DATA FOR REVIEW -
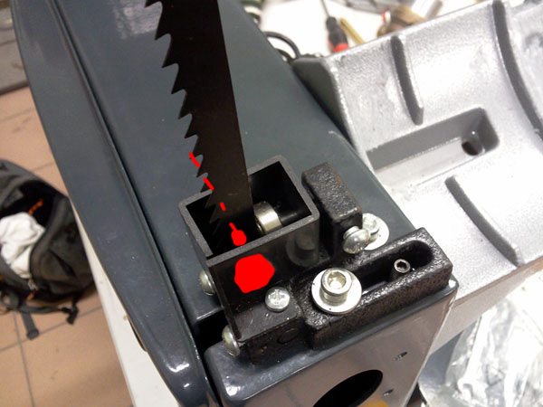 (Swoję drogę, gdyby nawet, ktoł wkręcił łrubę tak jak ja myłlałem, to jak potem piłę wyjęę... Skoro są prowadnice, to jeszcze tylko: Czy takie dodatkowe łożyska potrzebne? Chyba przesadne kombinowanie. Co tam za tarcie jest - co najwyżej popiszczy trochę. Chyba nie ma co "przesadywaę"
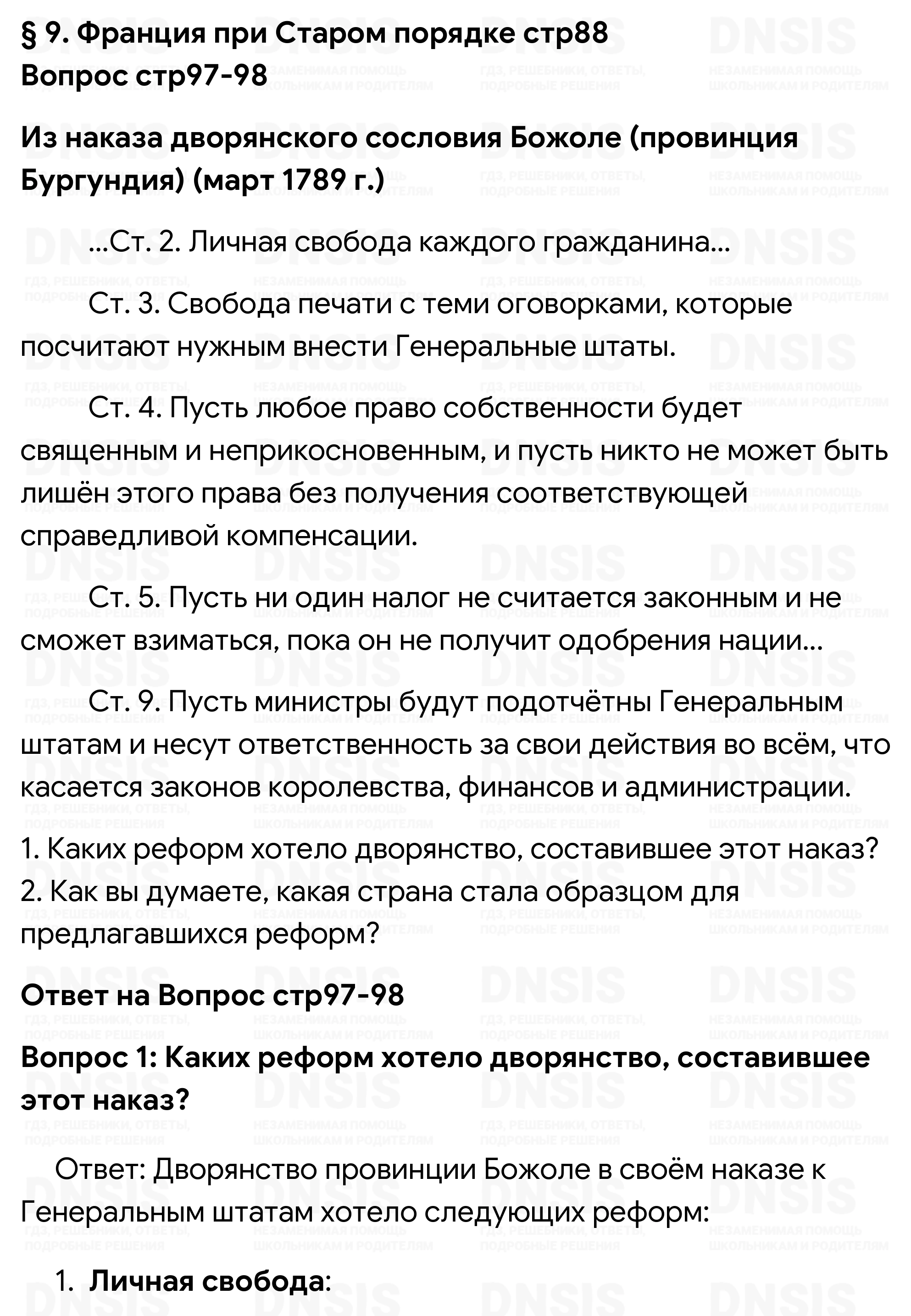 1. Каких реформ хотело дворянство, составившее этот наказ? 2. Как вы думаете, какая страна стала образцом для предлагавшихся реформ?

---

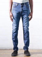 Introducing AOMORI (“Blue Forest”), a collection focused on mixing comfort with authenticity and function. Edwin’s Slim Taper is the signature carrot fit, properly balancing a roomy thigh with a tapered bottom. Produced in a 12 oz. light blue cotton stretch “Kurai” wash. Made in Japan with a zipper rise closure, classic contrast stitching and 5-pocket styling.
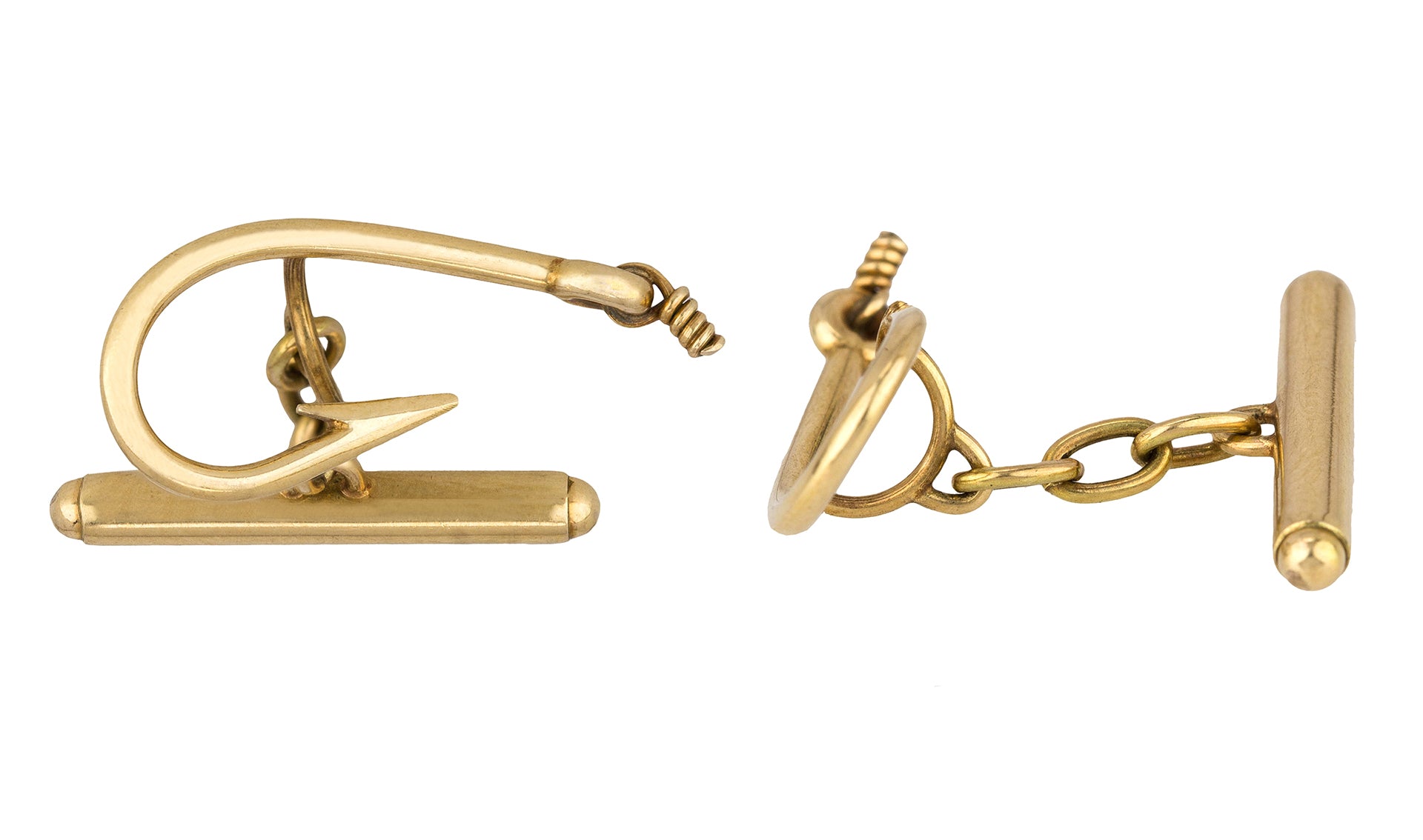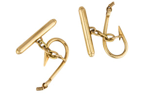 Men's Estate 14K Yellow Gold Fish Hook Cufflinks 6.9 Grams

==

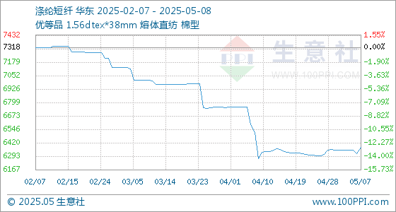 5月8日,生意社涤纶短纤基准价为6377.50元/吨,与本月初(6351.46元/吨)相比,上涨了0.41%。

PROBLEM TO SOLVE -
Looking at the listing above, which lines run from the one containing "(Swoję drogę, gdyby" through the one containing "1. Каких реформ"? Print exactly those, ends included, pictures excluded.

TASK RESPONSE -
 (Swoję drogę, gdyby nawet, ktoł wkręcił łrubę tak jak ja myłlałem, to jak potem piłę wyjęę... Skoro są prowadnice, to jeszcze tylko: Czy takie dodatkowe łożyska potrzebne? Chyba przesadne kombinowanie. Co tam za tarcie jest - co najwyżej popiszczy trochę. Chyba nie ma co "przesadywaę"
 1. Каких реформ хотело дворянство, составившее этот наказ? 2. Как вы думаете, какая страна стала образцом для предлагавшихся реформ?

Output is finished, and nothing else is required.